_Problem to solve_: Drop every picture and copy exactly the lines from the one with "小宝影院 计算机与人工智能学" through the last line of the listing below.

_Excerpted data_:
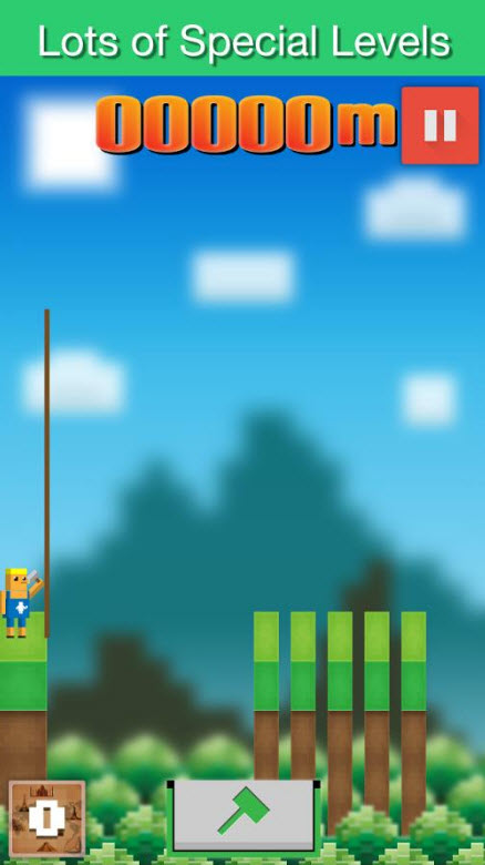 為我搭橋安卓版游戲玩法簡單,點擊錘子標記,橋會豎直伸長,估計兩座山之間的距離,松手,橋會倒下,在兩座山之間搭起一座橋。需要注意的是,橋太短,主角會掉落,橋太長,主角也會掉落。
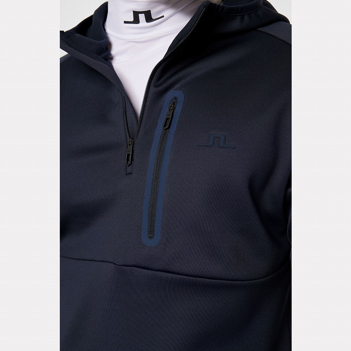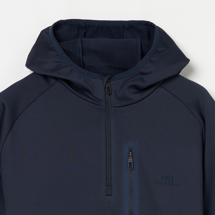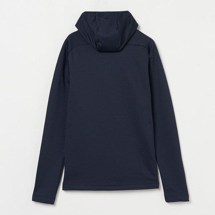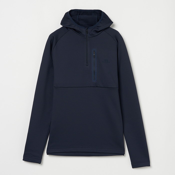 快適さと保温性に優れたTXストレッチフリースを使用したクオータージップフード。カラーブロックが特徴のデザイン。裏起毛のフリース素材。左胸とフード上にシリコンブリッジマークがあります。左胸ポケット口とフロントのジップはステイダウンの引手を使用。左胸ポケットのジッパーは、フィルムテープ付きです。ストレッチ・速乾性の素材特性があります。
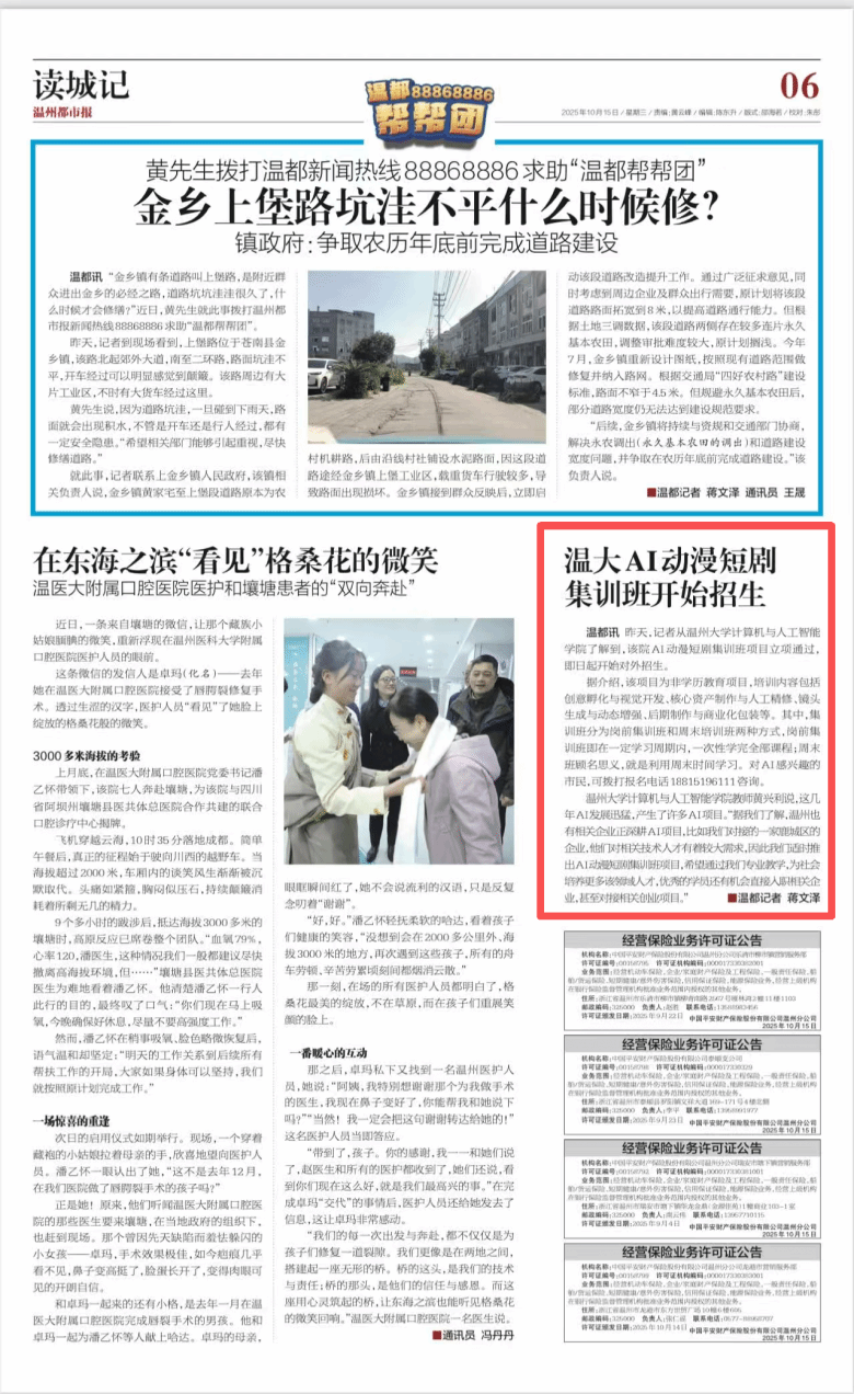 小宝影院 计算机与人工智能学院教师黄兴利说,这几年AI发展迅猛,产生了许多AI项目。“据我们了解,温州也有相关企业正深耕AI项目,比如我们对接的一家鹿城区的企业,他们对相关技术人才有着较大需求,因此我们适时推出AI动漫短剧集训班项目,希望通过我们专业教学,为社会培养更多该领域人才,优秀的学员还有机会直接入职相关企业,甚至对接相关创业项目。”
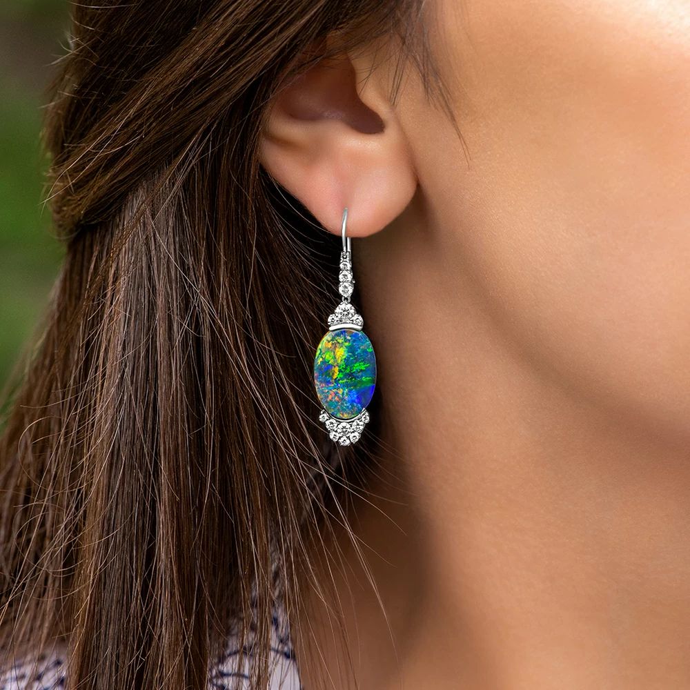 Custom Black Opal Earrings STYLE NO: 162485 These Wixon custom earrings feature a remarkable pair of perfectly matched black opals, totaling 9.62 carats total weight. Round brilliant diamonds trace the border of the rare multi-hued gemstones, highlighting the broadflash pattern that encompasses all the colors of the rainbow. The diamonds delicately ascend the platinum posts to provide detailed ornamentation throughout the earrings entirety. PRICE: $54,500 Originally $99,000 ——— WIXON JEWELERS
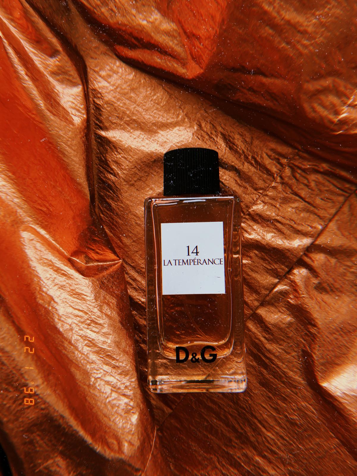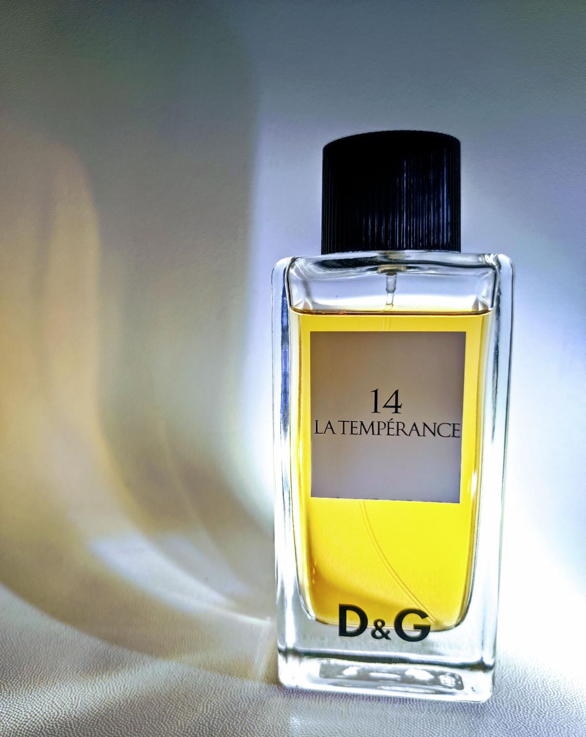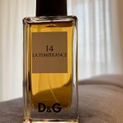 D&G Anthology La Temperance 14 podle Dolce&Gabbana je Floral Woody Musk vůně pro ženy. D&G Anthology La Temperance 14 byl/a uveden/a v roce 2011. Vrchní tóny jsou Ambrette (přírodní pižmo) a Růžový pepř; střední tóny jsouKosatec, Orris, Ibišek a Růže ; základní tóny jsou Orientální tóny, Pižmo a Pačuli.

_Answer section_:
 小宝影院 计算机与人工智能学院教师黄兴利说,这几年AI发展迅猛,产生了许多AI项目。“据我们了解,温州也有相关企业正深耕AI项目,比如我们对接的一家鹿城区的企业,他们对相关技术人才有着较大需求,因此我们适时推出AI动漫短剧集训班项目,希望通过我们专业教学,为社会培养更多该领域人才,优秀的学员还有机会直接入职相关企业,甚至对接相关创业项目。”
 Custom Black Opal Earrings STYLE NO: 162485 These Wixon custom earrings feature a remarkable pair of perfectly matched black opals, totaling 9.62 carats total weight. Round brilliant diamonds trace the border of the rare multi-hued gemstones, highlighting the broadflash pattern that encompasses all the colors of the rainbow. The diamonds delicately ascend the platinum posts to provide detailed ornamentation throughout the earrings entirety. PRICE: $54,500 Originally $99,000 ——— WIXON JEWELERS
 D&G Anthology La Temperance 14 podle Dolce&Gabbana je Floral Woody Musk vůně pro ženy. D&G Anthology La Temperance 14 byl/a uveden/a v roce 2011. Vrchní tóny jsou Ambrette (přírodní pižmo) a Růžový pepř; střední tóny jsouKosatec, Orris, Ibišek a Růže ; základní tóny jsou Orientální tóny, Pižmo a Pačuli.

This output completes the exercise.